EDF reste l’acteur dominant, avec une part de marché supérieure à 70 % chez les particuliers. Son statut de producteur nucléaire lui confère un avantage structurel sur ses concurrents, mais aussi des obligations spécifiques : la fourniture de l’électricité au tarif réglementé à tous les consommateurs qui en font la demande, sans discrimination géographique. Cette mission de service public conditionne l’ensemble de la politique tarifaire nationale.
Engie, anciennement GDF Suez, s’est repositionné sur les offres de marché après la fin de son tarif réglementé de vente pour le gaz. Sur le segment électricité, le groupe propose des offres compétitives, notamment sur les contrats verts et les offres couplées électricité-gaz. Sa présence dans les énergies renouvelables lui permet de valoriser un argument environnemental auprès d’une clientèle sensible à l’empreinte carbone de sa consommation.
Le Ministère de la Transition écologique intervient en fixant le cadre législatif et en définissant les grandes orientations de la politique énergétique nationale. La loi de programmation énergie-climat, en cours de révision, définit les objectifs de mix énergétique à horizon 2035 et au-delà. Ces choix structurels influencent directement le coût de production de l’électricité et, par ricochet, le prix payé par les consommateurs finaux.

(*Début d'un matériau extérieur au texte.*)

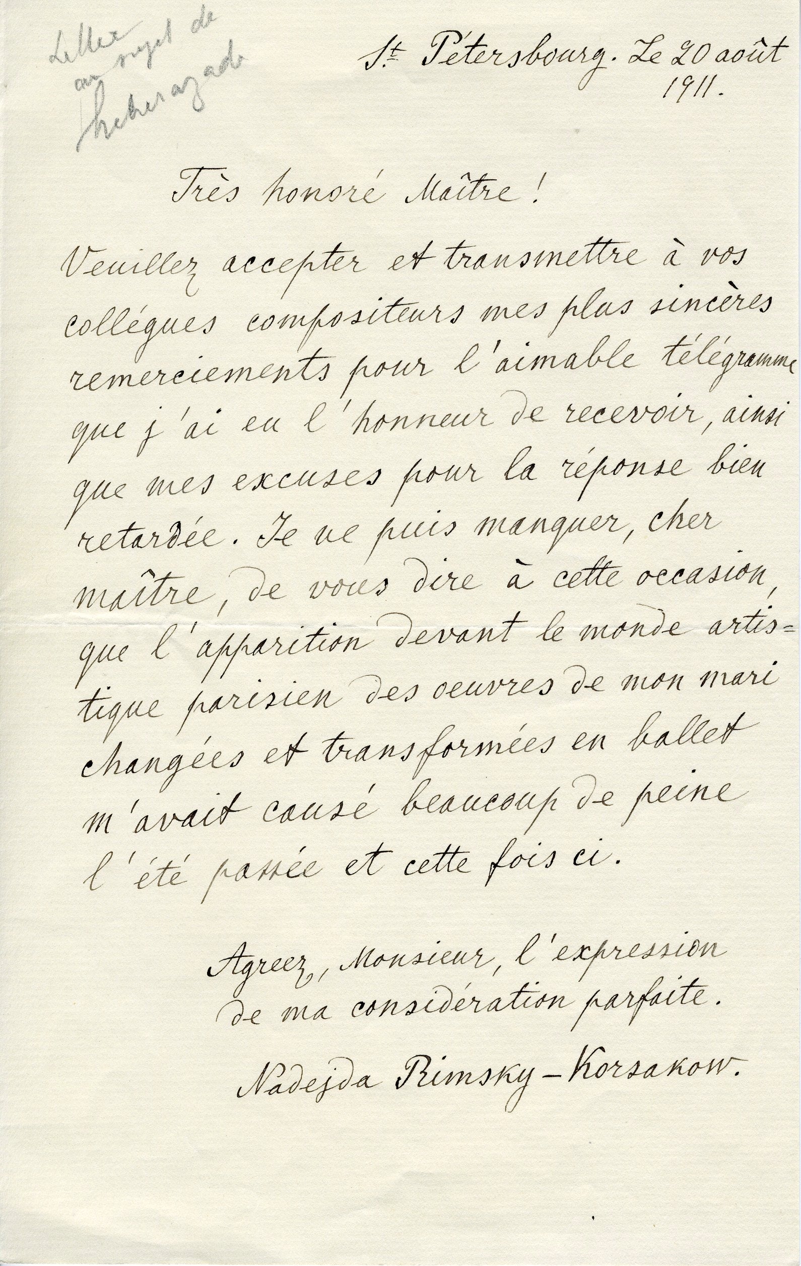 An autograph letter from Nadejda Rimsky-Korsakov (St Petersburg, August 20, 1911, 1 p., with envelope) thanks Debussy for his telegram, and mentions in reference to the Ballets Russes' adaptation of her husband's famous work Scheherazade that "the appearance before the artistic Parisian public of my husband's works, changed and transformed into ballet, caused me great pain last summer and this time."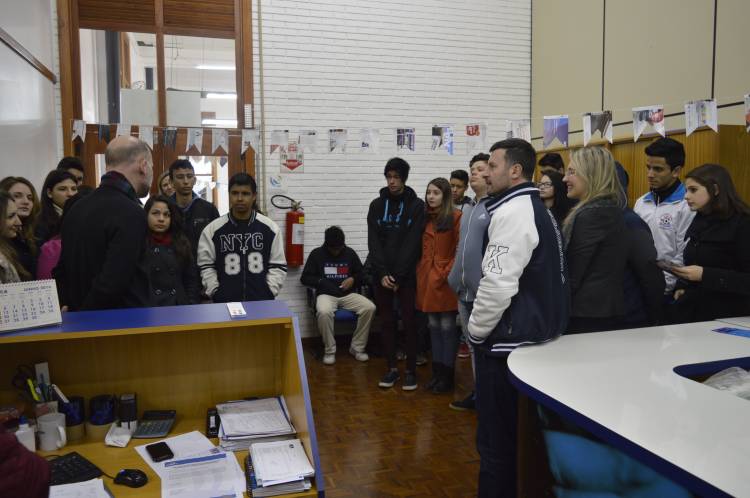 Um grupo de 30 estudantes da Escola Estadual de Ensino Médio Emil Glitz, de Ijuí, esteve visitando alguns espaços da UNIJUÍ / Campus Ijuí na última terça-feira, 14 de junho, como atividade integrante do Projeto Cidadania para Todos, desenvolvido pelo Curso de Direito da Universidade.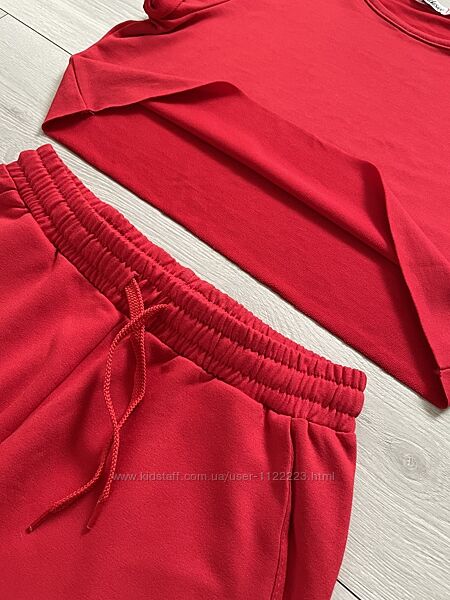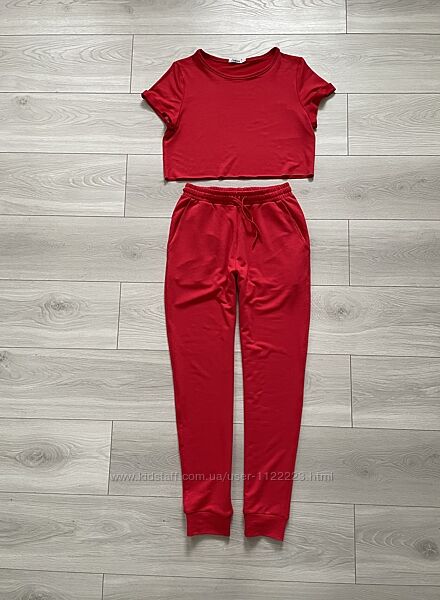 Червоний спортивний костюм, вкорочений топ штани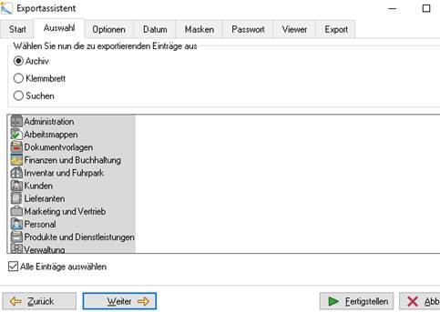 Unter dem Reiter Auswahl wählen Sie nun das Archiv und setzen einen Haken bei „Alle Einträge auswählen“.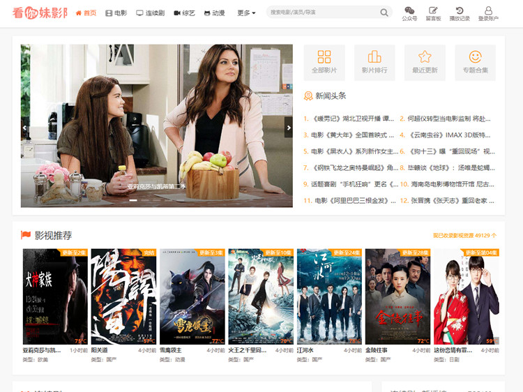 简约白苹果CMS影视网站源码 V10 自适应手机模板的大图展示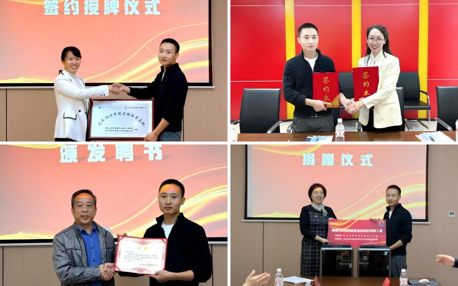 此次活动校企双方隆重举行了合作签约、实践教学基地挂牌、企业导师聘任及设备捐赠四项重要仪式,其中合作协议签署标志着艺术设计学院“创想三维实践教学基地”正式落地。企业负责人陈起星获聘为我院企业导师,将直接参与人才培养方案制定与实践课程教学。此外,创想三维科技有限公司向学院捐赠了FDM高精度全自动3D打印机、专业设计软件等教学设备,为实践教学注入了强劲资源活力,校企合作搭建起了坚实桥梁。

Face à cette architecture complexe, le consommateur — qu’il soit particulier ou professionnel de l’immobilier — a tout intérêt à comparer régulièrement les offres disponibles sur le marché. Le comparateur officiel proposé par la CRE sur son site permet d’évaluer les écarts entre fournisseurs pour un profil de consommation donné. Se faire accompagner par un conseiller en énergie ou un syndic de copropriété spécialisé reste la meilleure approche pour optimiser ses contrats et anticiper les évolutions tarifaires des prochaines années.